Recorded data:
────────────────────────────────────────
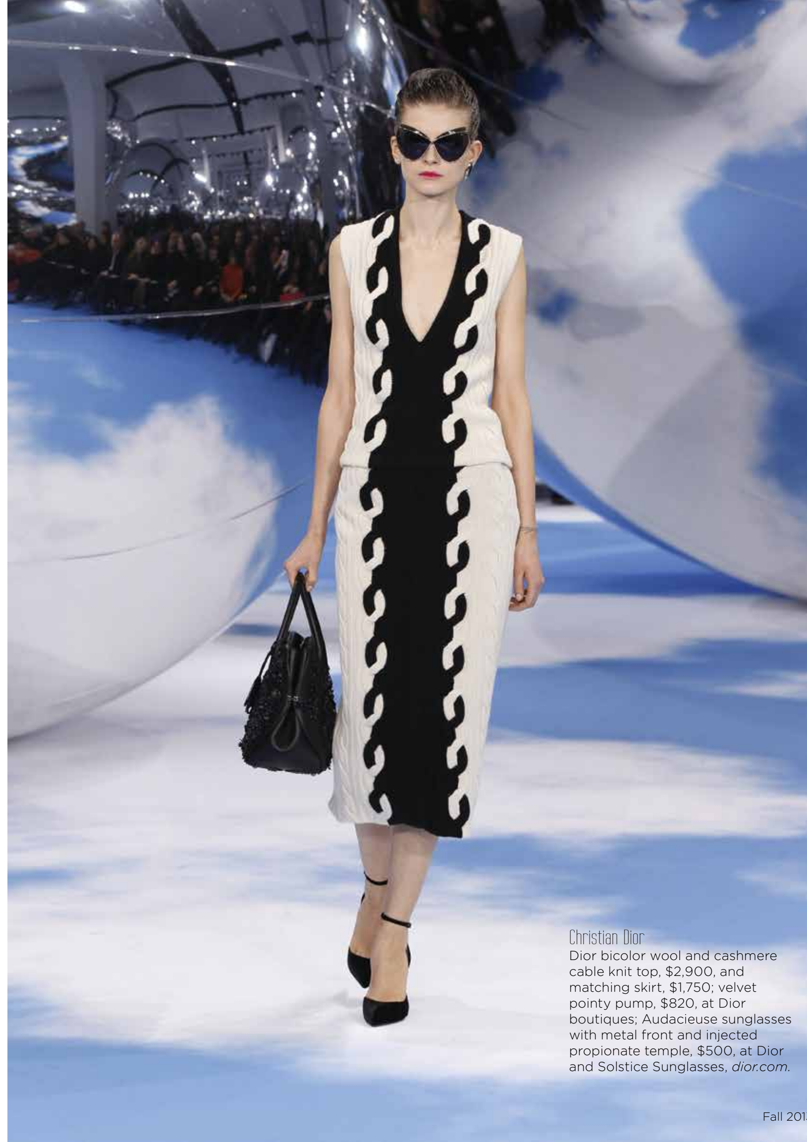
Christian Dior Dior bicolor wool and cashmere cable knit top, $2,900, and matching skirt, $1,750; velvet pointy pump, $820, at Dior boutiques; Audacieuse sunglasses with metal front and injected propionate temple, $500, at Dior and Solstice Sunglasses, dior.com .

Catwalks' latest catnip also serves as antidote to the anarchic (yet ironically pervasive) punk. And you can wear it to work, then don a cape for nighttime drama. ▷
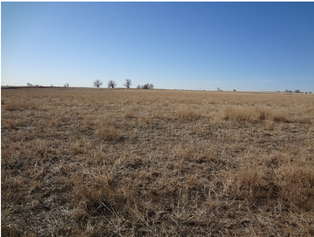
View of site from NE corner looking south
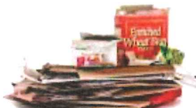
Flattened Cardboard And Paperboard
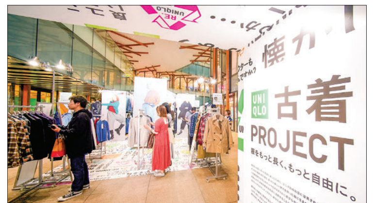
This picture taken on 17 October 2023 shows customers browsing through items sold as part of the Uniqlo Pre-owned Clothes Project at the brand's Harajuku store in Tokyo.

A second-hand pop-up store in Tokyo by casual clothing giant Uniqlo was a first for the Japanese firm, but also a sign that a local aversion to used garments may finally be fading.
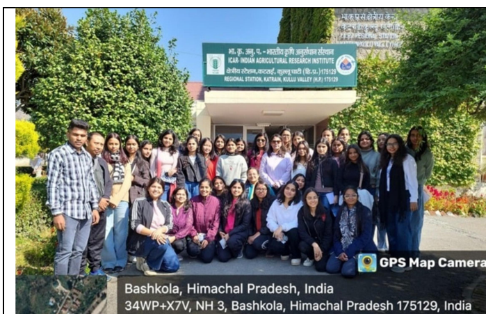
Educational Trip: Visit to Kullu Manali
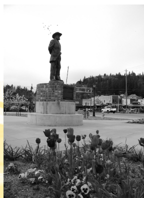
Colfax Sites
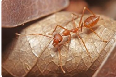
Photo 1. Major worker, green weaver ant, Oecophylla smaragdina .
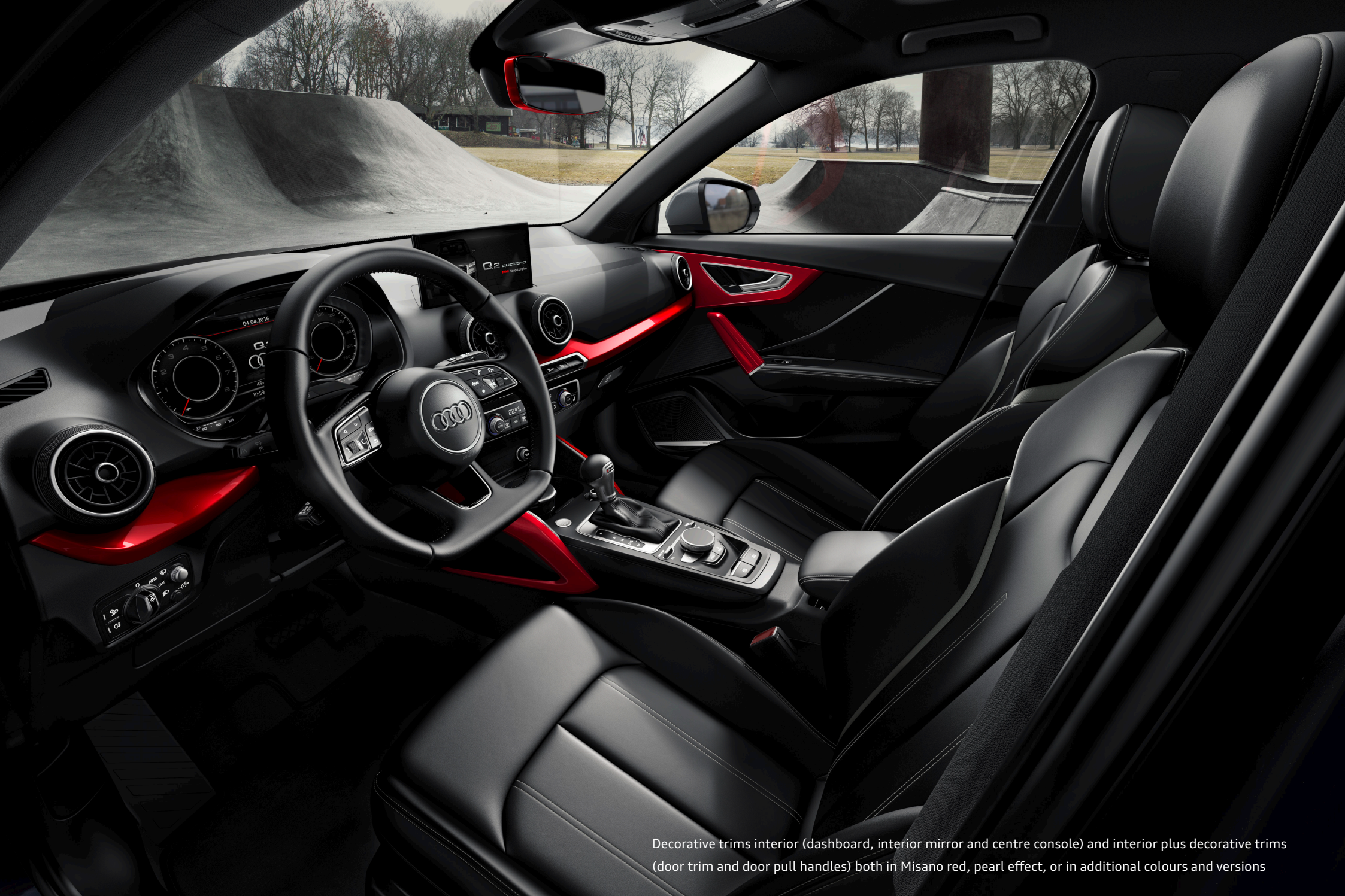
Decorative trims interior (dashboard, interior mirror and centre console) and interior plus decorative trims (door trim and door pull handles) both in Misano red, pearl effect, or in additional colours and versions
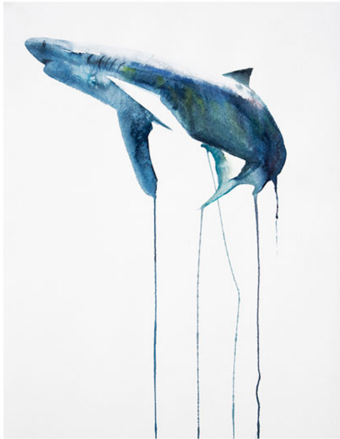
“Blue Requiem” by Dalton Portella. 24 x 18 inches.

. The “Shark” paintings take a minimalistic view so the beauty of the animal is the focus.
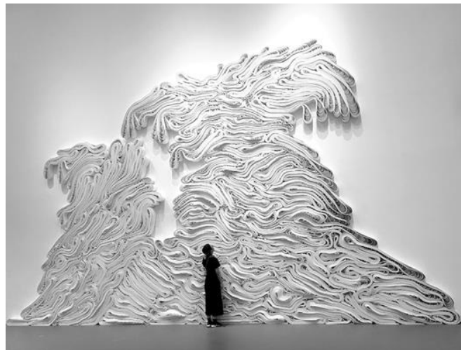
An installation view of Jae Ko's rolled-paper sculpture "Flow," on view in the exhibition "Fields and Formations A Survey of Mid-Atlantic Abstraction" at the American University Museum.

The second show, "Fields and Formations: A Survey of Mid-Atlantic Abstraction," is a version of one that previously ran at the Delaware Contemporary, a Wilmington art space. It presents work by 12 female and nonbinary artists from the Mid-Atlantic region, several of whom will be familiar to regular D.C. gallery visitors.
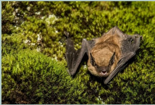
Eptesicus fuscus Big brown bat Celebrate International Bat Week!

November 18 & 21: 2:00-3:30 PM MM Farm Tour
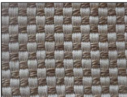
Fabric in acrylic for filling
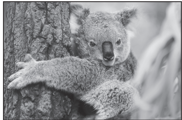
A Koala Hugging a Tree

1 There's something about the sight of furry koala bears—they look so cuddly, you just want to give them a hug. Of course, koalas don't hug . . . or do they? Recently, during an extreme heat wave in Australia, scientists noticed something unusual. As the temperatures rose, koalas high in the eucalyptus trees climbed down from the treetops. Then they spread out on lower tree limbs. It looked as if they were embracing the trunks. But why would koalas hug trees?
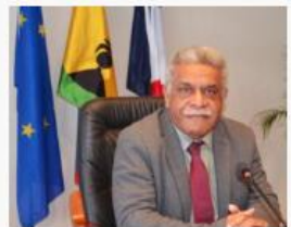
Louis Mapou H.E. the President of New Caledonia
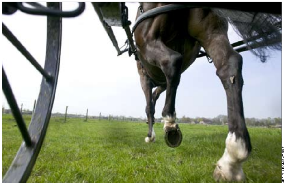
The highly specialized tissues of the synovial joint (such as the hock) come together to perform two main functions: Enable movement and transfer load from one bone to another.
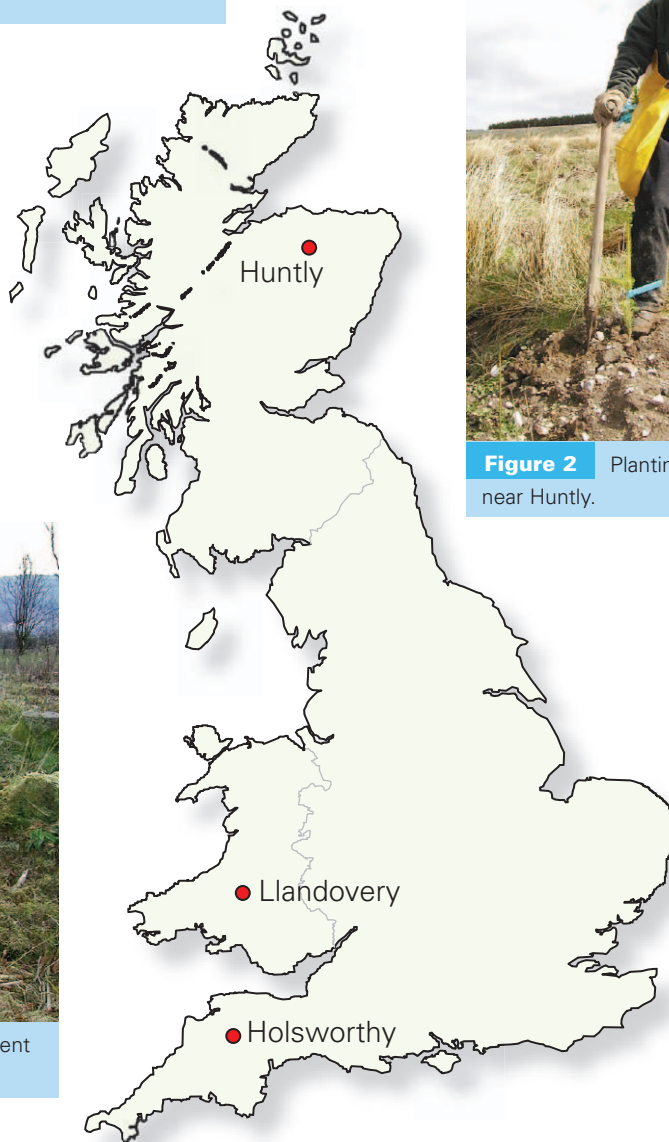
Figure 1 Location of the three trials, planted in spring 2005 at Huntly (north Scotland), Llandoverly (south Wales) and Holsworthy (north Devon).
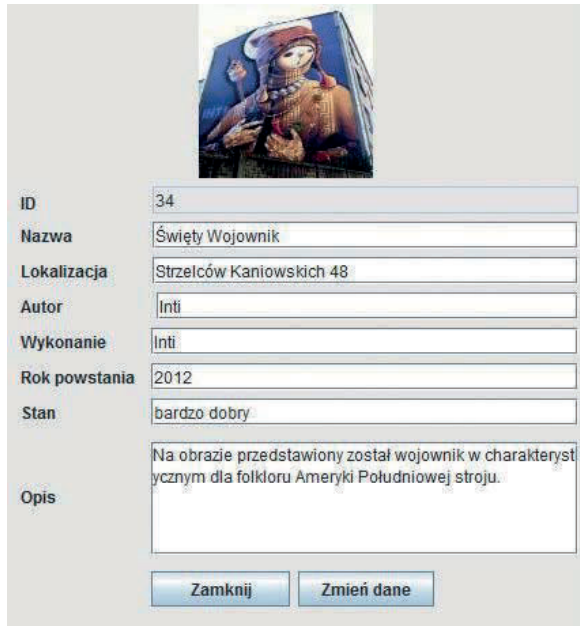
Fig. 4. Geoportal window displaying mural details
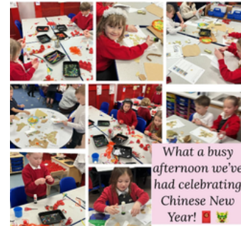
Holly and Willow classes Lunar New Year creative afternoon
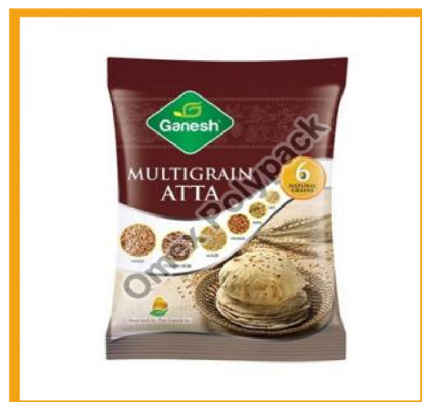
Food Packing BOPP Bags
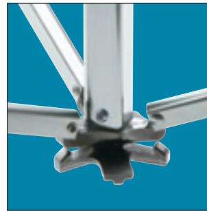
Simple, foot-operated toe-release mechanism
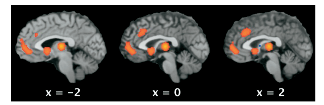
Figure 2. Three regions of anterior cinqulate gyrus were found to have lower gray matter density in schizophrenia: dorsal, ventral, and subgenual. These regions include both the cognitive and affective regions of cingulate.

nodes in the included studies was noted, and the co-occurrence matrix was computed for all nodes, in all studies. FSNA was used to determine which nodes (brain regions) in the network formed subnetworks (subnets), using the simple S1 similarity coefficient to assess pattern similarity (18). The purpose of the FSNA analysis is to provide groups of regions or subnets that show comparable patterns across studies and may be influenced by similar factors of interest, such as an etiologic mechanism or sensitivity to medication effects.
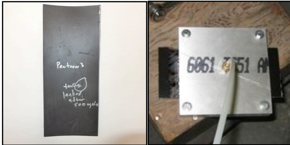
Figure 2. After conditioning material specimens in the Gelbo flex apparatus for a number of cycles, we removed and inspected them for cracks (left) and then clamped over the cracked areas with a leakage-test apparatus to assess failure (right).

We also conducted standard Gelbo tests on the gum-sheet fabric samples and conducted modified Gelbo tests on the vulcanized samples. It was necessary to modify the Gelbo procedure for testing heavier, vulcanized (or very thick) fabrics because the Gelbo test apparatus can be damaged by the rotational forces required to rapidly bend these extremely stiff, frozen specimens. For our test of the vulcanized samples, we reduced the total rotation to 250^\circ and the compression to 2 in. (Figure 3). We ran the first 10 cycles for each of these samples 5 s/cycle to reduce the possibility of damaging the test equipment, and we ran the subsequent 1190 cycles at 1.5 s/cycle.
────────────────────────────────────────
**Work instructions:**
Show the lines of the records that contain the word "Survey".

**Solution to the problem:**
An installation view of Jae Ko's rolled-paper sculpture "Flow," on view in the exhibition "Fields and Formations A Survey of Mid-Atlantic Abstraction" at the American University Museum.
The second show, "Fields and Formations: A Survey of Mid-Atlantic Abstraction," is a version of one that previously ran at the Delaware Contemporary, a Wilmington art space. It presents work by 12 female and nonbinary artists from the Mid-Atlantic region, several of whom will be familiar to regular D.C. gallery visitors.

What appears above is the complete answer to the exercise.